## Activity
Images are to be excluded, and the rest of the data repeated exactly.

## Information shown
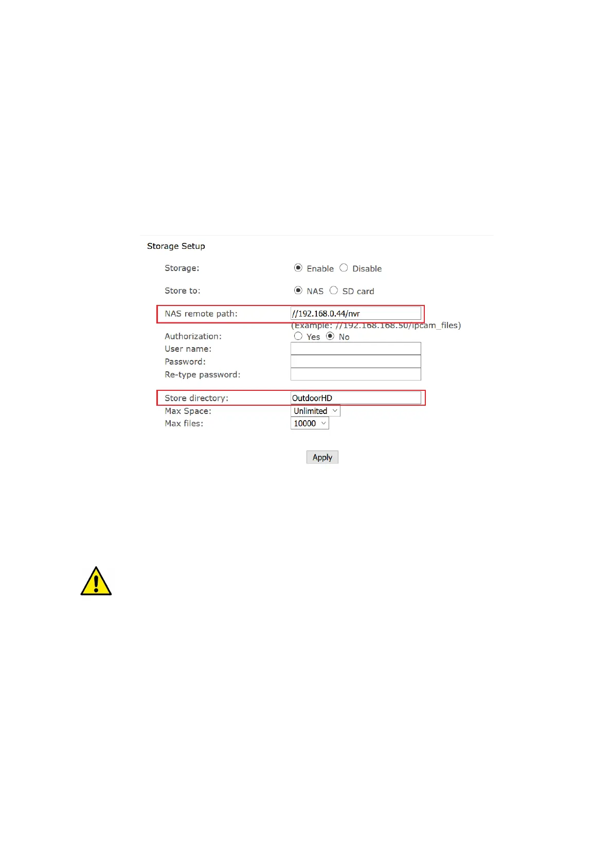 Click Apply when ready. Within two minutes the folder will auto create on the NVR.
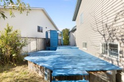 Step into comfort, style, and convenience with this beautifully maintained, fully developed 4-level split, perfectly tucked away on a quiet cul-de-sac in the sought-after community of Coventry Hills. This home shows true pride of ownership and comes with major updates for your peace of mind, including a new roof (2025), vinyl siding (2025), main living room windows (2025), high-efficiency furnace (2025), quartz countertops (2019), flooring (2017), washer/dryer (2023), and exterior railing (2016).Step inside through the welcoming foyer with large closets, leading directly to a comfortable living room featuring vaulted ceilings for an open, airy feel — perfect for relaxing or entertaining. From there, flow into the updated kitchen with modern appliances, ample storage, quartz counters, and a bright dining area ideal for gatherings. Upstairs, discover two generous bedrooms and an updated four-piece bathroom.Descend to the third level for a cozy TV room with a fireplace, a second living area, a third bedroom, and a convenient three-piece bath. The fourth level offers even more functionality with a large mechanical room, laundry area, and extra storage — including space for an office, hobby room, or potential fourth bedroom.Step outside to your charming backyard retreat, boasting a spacious multi-level deck ideal for outdoor entertaining, complete with privacy screens, a BBQ area, and a side door easy access from the home. Enjoy mature trees providing natural shade, a convenient storage shed, and a paved back alleyway with additional parking at the back, plus garage potential (subject to city approval). A welcoming front verandah and front lawn add to the home’s curb appeal.Located just steps from elementary schools and close to junior and senior high schools, shopping, dining, golf, transit, the Vivo recreational Centre, and major routes, this home truly has it all.Don’t miss your chance to make this wonderful property yours — schedule a showing today!
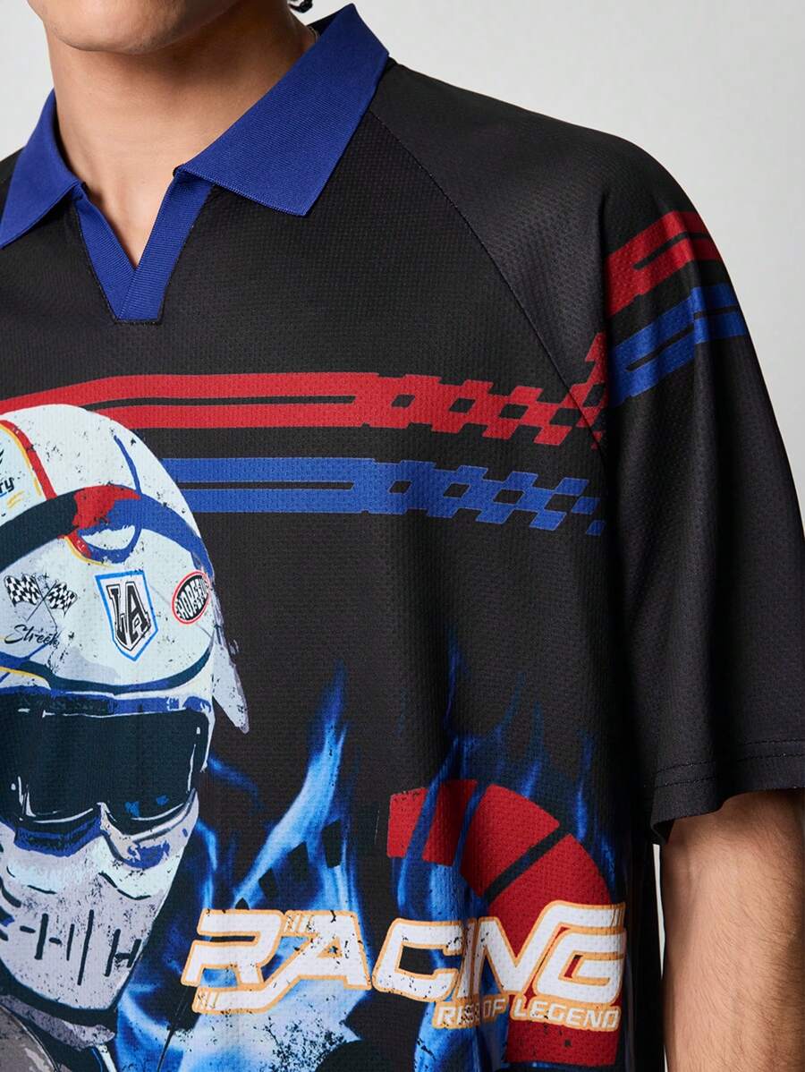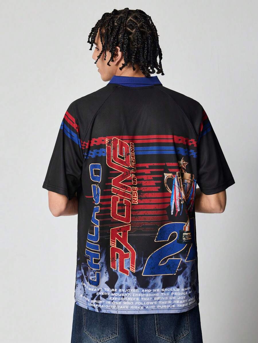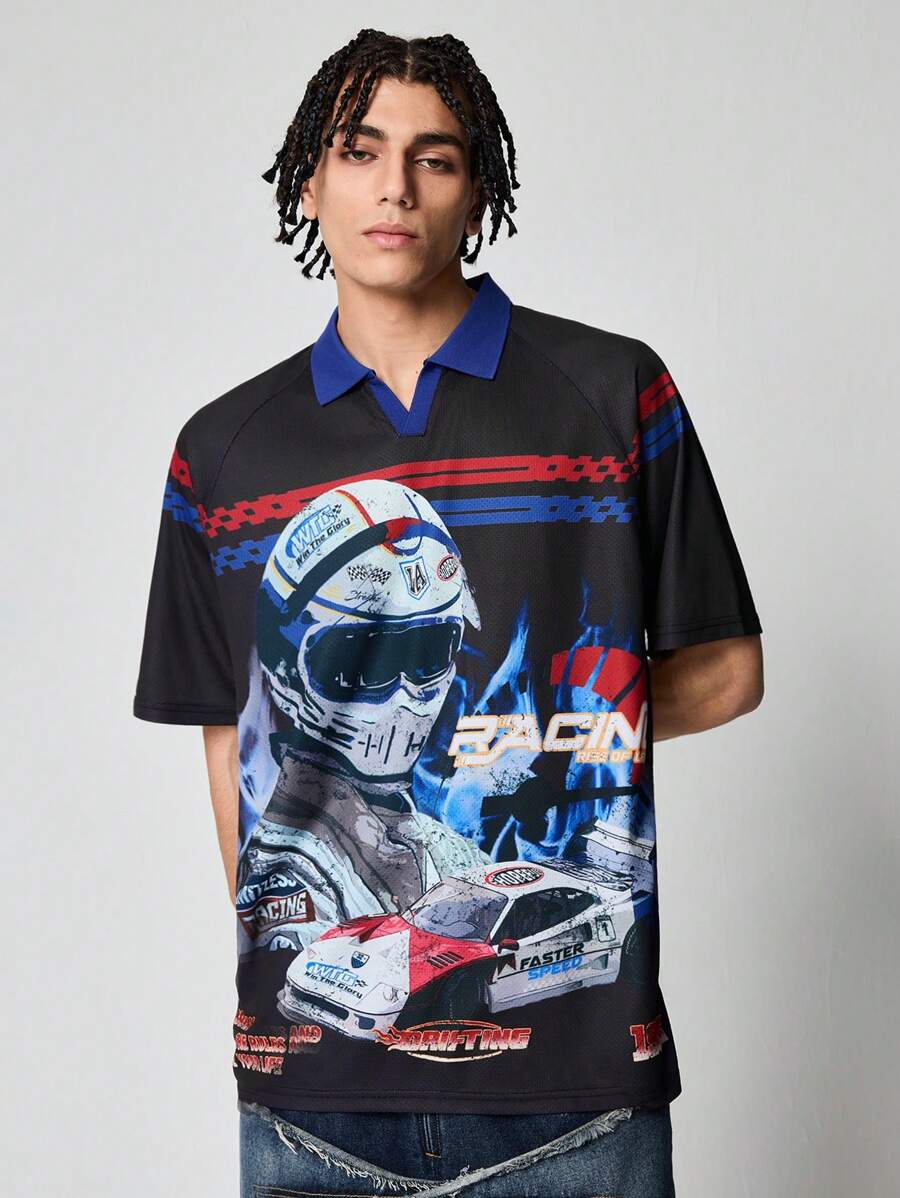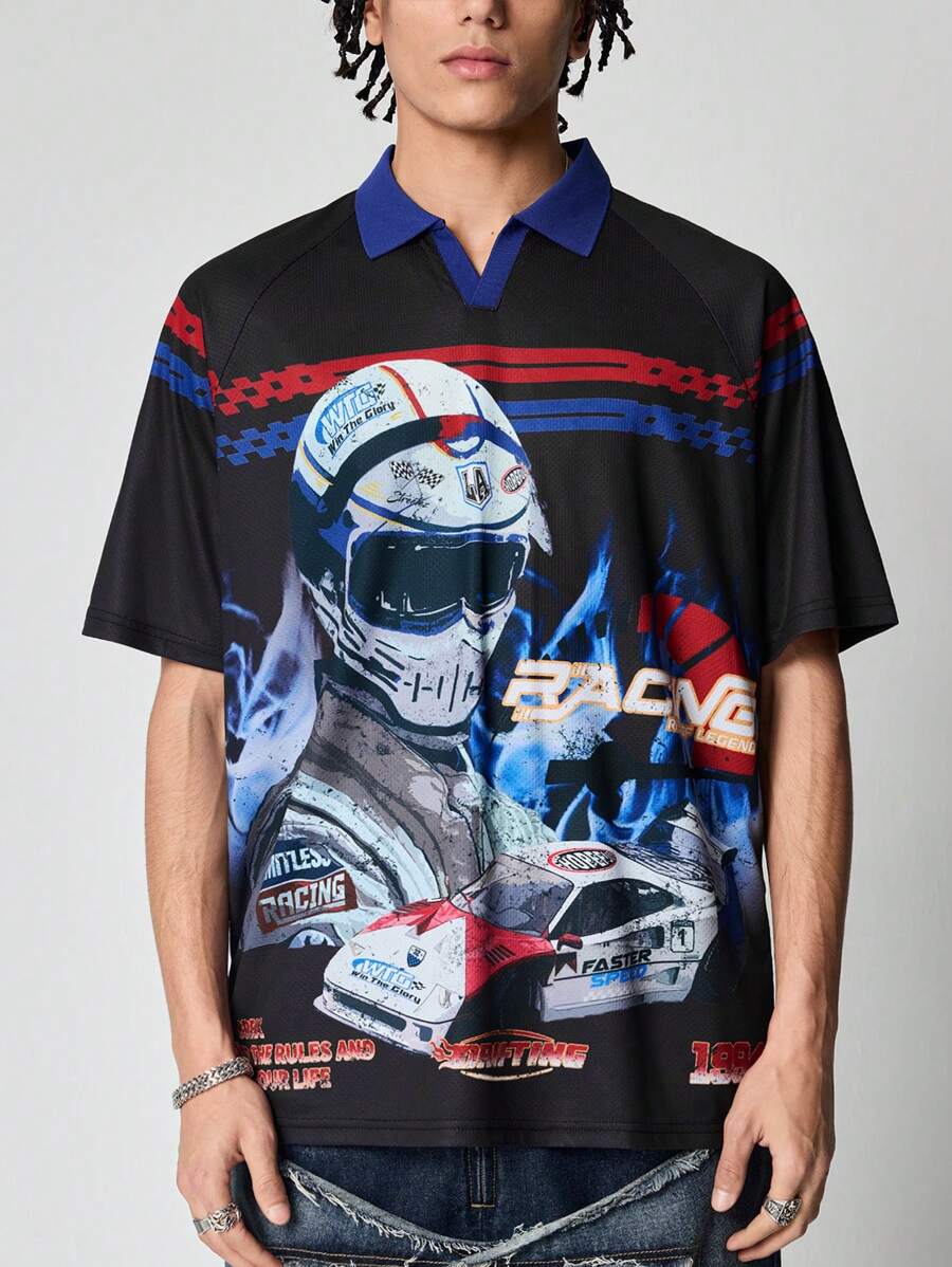 Street Life Polo shirt a maniche corte da uomo con grafica di lettere e auto
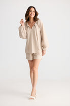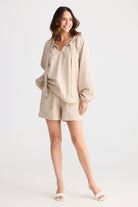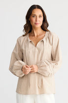 - Long sleeves with pintuck detailing and elasticated cuffs

## Exercise response
 Click Apply when ready. Within two minutes the folder will auto create on the NVR.
 Step into comfort, style, and convenience with this beautifully maintained, fully developed 4-level split, perfectly tucked away on a quiet cul-de-sac in the sought-after community of Coventry Hills. This home shows true pride of ownership and comes with major updates for your peace of mind, including a new roof (2025), vinyl siding (2025), main living room windows (2025), high-efficiency furnace (2025), quartz countertops (2019), flooring (2017), washer/dryer (2023), and exterior railing (2016).Step inside through the welcoming foyer with large closets, leading directly to a comfortable living room featuring vaulted ceilings for an open, airy feel — perfect for relaxing or entertaining. From there, flow into the updated kitchen with modern appliances, ample storage, quartz counters, and a bright dining area ideal for gatherings. Upstairs, discover two generous bedrooms and an updated four-piece bathroom.Descend to the third level for a cozy TV room with a fireplace, a second living area, a third bedroom, and a convenient three-piece bath. The fourth level offers even more functionality with a large mechanical room, laundry area, and extra storage — including space for an office, hobby room, or potential fourth bedroom.Step outside to your charming backyard retreat, boasting a spacious multi-level deck ideal for outdoor entertaining, complete with privacy screens, a BBQ area, and a side door easy access from the home. Enjoy mature trees providing natural shade, a convenient storage shed, and a paved back alleyway with additional parking at the back, plus garage potential (subject to city approval). A welcoming front verandah and front lawn add to the home’s curb appeal.Located just steps from elementary schools and close to junior and senior high schools, shopping, dining, golf, transit, the Vivo recreational Centre, and major routes, this home truly has it all.Don’t miss your chance to make this wonderful property yours — schedule a showing today!
 Street Life Polo shirt a maniche corte da uomo con grafica di lettere e auto
 - Long sleeves with pintuck detailing and elasticated cuffs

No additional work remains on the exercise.